Context: Overdosing on opioids is a national epidemic and the number one cause of death from unintentional injury in the United States. Poison control centers (PCCs) may be a source of timely data that can track opioid exposure cases, identify clusters of opioid exposure cases by geographic region, and capture opioid exposure cases that may not seek medical attention from health care facilities.


Objective: The objectives were to (a) identify data requirements for opioid overdose case ascertainment and classification and visualization in a dashboard, and (b) assess the availability and quality of the relevant PCC data for state-based opioid overdose surveillance.
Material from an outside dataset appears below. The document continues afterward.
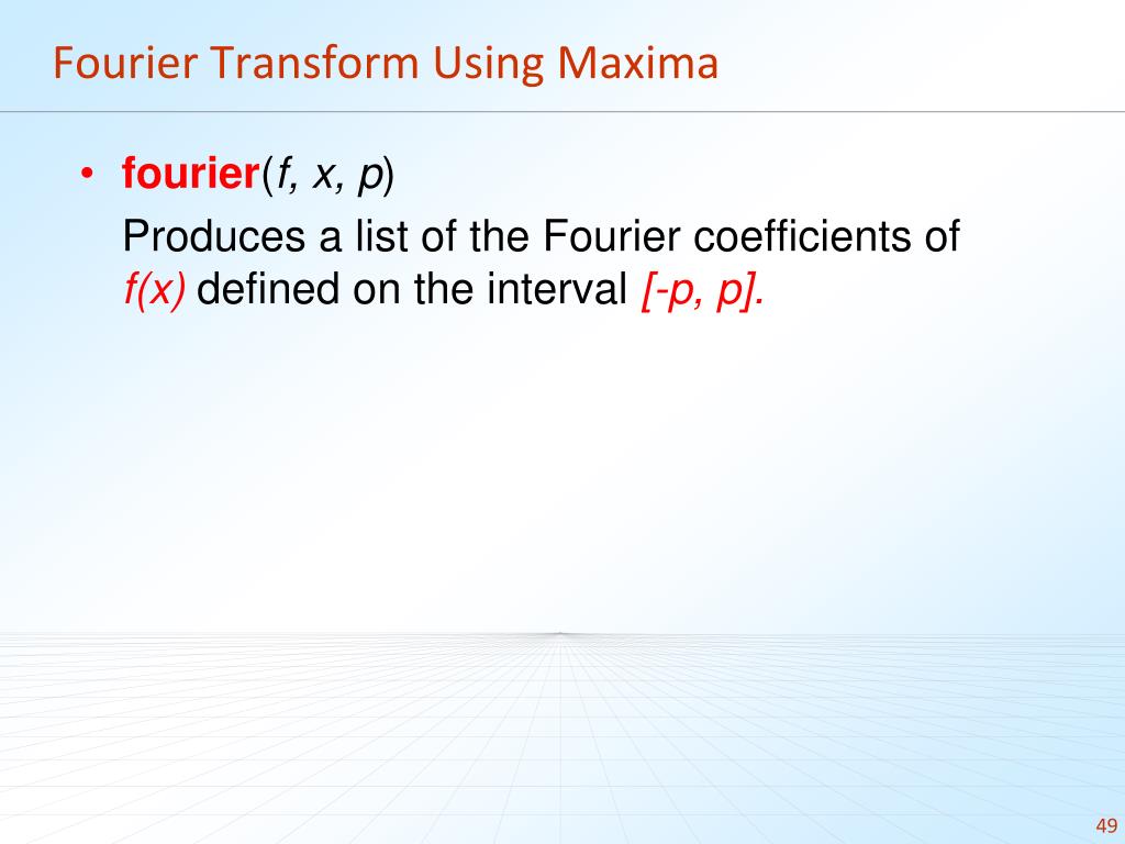 Fourier Transform Using Maxima • fourier(f, x, p) Produces a list of the Fourier coefficients of f(x) defined on the interval [-p, p].
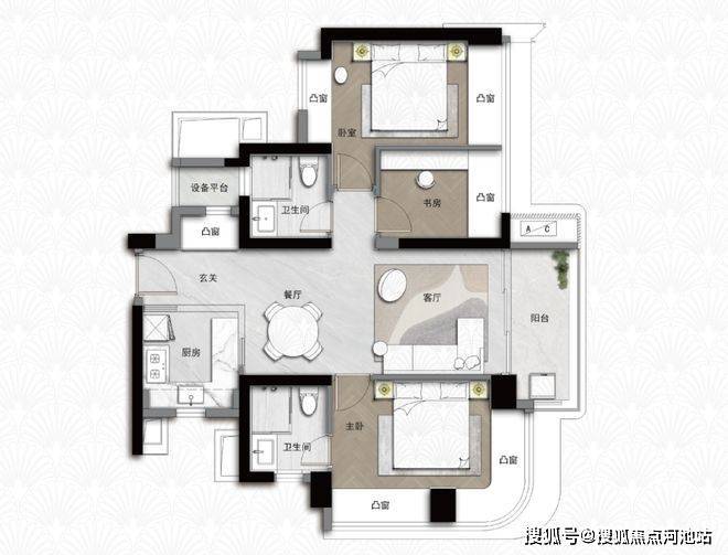 92㎡三房两厅两卫:刚需首选,双龙抱珠格局,动静分区清晰;客厅连接阳台,主卧套房带 270° 环幕飘窗,得房率约 90%,适合深港通勤刚需家庭。

Design: We identified types of opioid exposure, demographic characteristics, and other features that may be relevant for public health officials to monitor and respond to opioid overdose events in the community. We operationalized case definitions for an opioid overdose event based on the Centers for Disease Control and Prevention case classification definitions. We assessed the PCC database for concepts and metrics needed to operationalize case definitions for opioid overdose events to determine the feasibility of using the PCC for automated surveillance.


Main Outcome Measure: Quality and availability of required concepts to operationalize metrics and case definitions using PCC data.


Results: A subset of the probable case definition may be used for automated surveillance with available structured PCC data. In contrast, logic for confirmed, suspected, and part of the probable case definitions requires additional structured data or analysis of narrative text, which may not contain needed concepts. For example, the confirmed case definition currently requires evidence from narrative text of laboratory confirmation of an opioid in a clinical specimen or diagnosis of opioid overdose in a health care record.


Conclusion: PCC data are a timely and potentially useful source for automated surveillance of a subset of opioid overdose events, but additional structured and/or coded data are required.